Essex receives £5 million for new Big Data Network centre

Filed under: Latest news, Research impact — Tags: , , , , — Communications Office @ 11:23 am
David Willetts MP, Minister for Universities and Science

David Willetts MP made the announcement at the Mountbatten Memorial Lecture

David Willetts MP, Minister for Universities and Science, has announced plans for a Big Data Network which includes almost £5 million for the Essex-based UK Data Service to form a new service for streamlining research access to data collected by government departments and other agencies.

The money, awarded by the Economic and Social Research Council (ESRC), will allow Essex’s data experts to ensure that researchers across the country can effectively and securely access large datasets for research that will directly influence policy and ultimately benefit the public.

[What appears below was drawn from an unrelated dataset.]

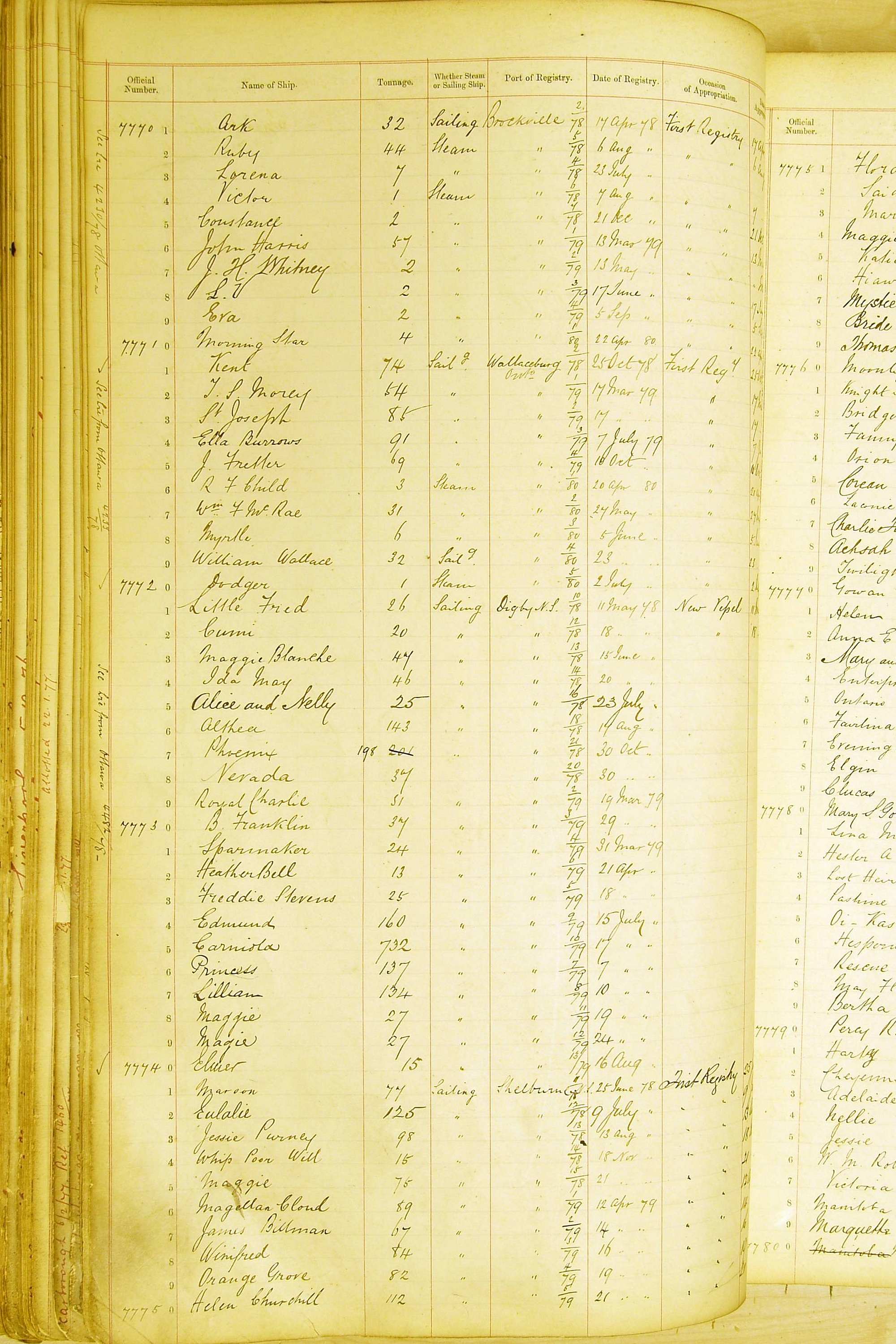 The ship names recorded are those that the ships carried at the time that their official numbers were allocated - changes are sometimes noted, but the best source for changes of name are the shipping registers for the port, or alternatively the Mercantile Navy List.
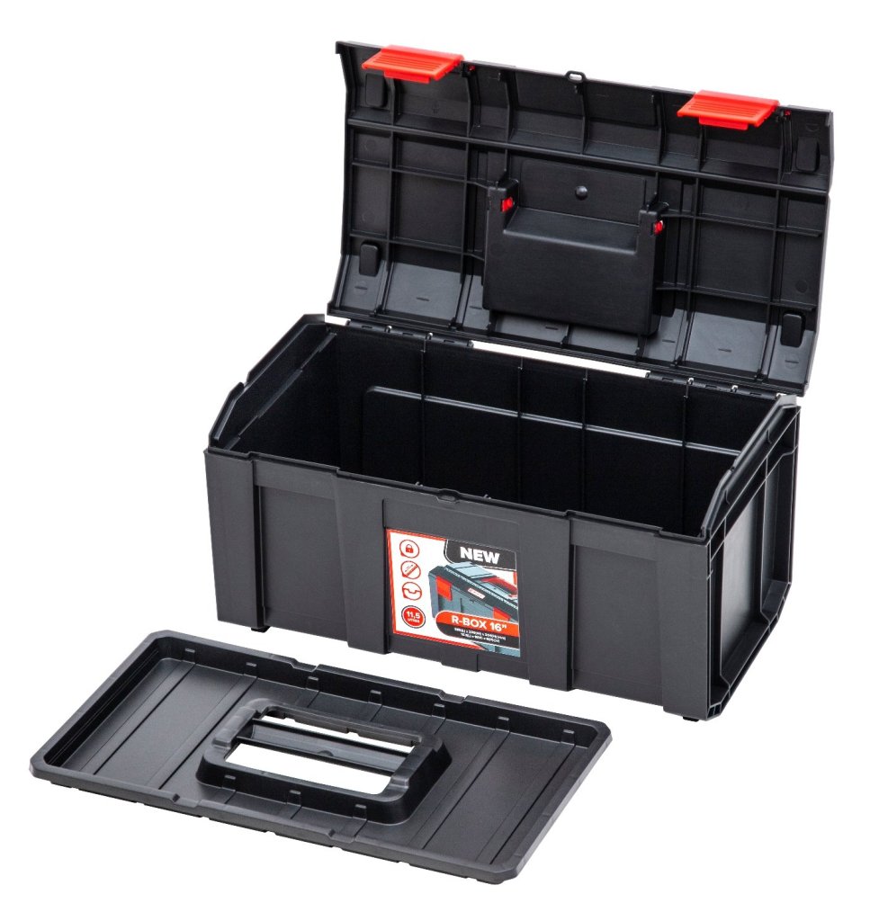 Practical plastic case for tools. Black color, ear and closure in red. Side handles. Organizer inside the trunk for better overview. Padlock hole. Dimensions (H x W x D) 219 x 395 x 240 mm.

Speaking at the Mountbatten Memorial Lecture at the Institution of Engineering and Technology, Mr Willetts outlined the ESRC’s vision for a network of innovative data centres across the UK which will strengthen the country’s competitive advantage in Big Data.

At the heart of the project will be the new Essex-led Administrative Data Service (ADS), jointly formed with the Administrative Data Liaison Service, which is currently managed by the University of St Andrews. The ADS infrastructure will provide a one-stop-shop for finding, learning about, and requesting access to administrative data for research.

Melanie Wright, Principal Investigator of the new ADS and Associate Director of the UK Data Service, explained the importance of yesterday’s announcement: “Research access to administrative and linked data holds enormous potential – for researchers, for government, and for the people of the UK. You cannot make or evaluate public policy without using administrative data.

This Administrative Data Network, consisting of the ADS and four new Administrative Data Research Centres (ADRCs), marks the first phase of the ESRC’s £64 million investment in a Big Data Network. Two further phases involving new centres for business and local government data, and third sector and social media data, will be established in the coming year.

The ADS will play an overarching role in the network, actively bringing together the four ADRCs. Its core responsibilities will be: to provide a first point of contact for administrative data users and owners; be the central point for managing research access requests; ensure there is consistency in standards and practice across the network; engage with data owners, users and the public to develop a culture of effective and secure data sharing to enable better research for the public benefit; and to develop capacity and skills in using administrative data for research.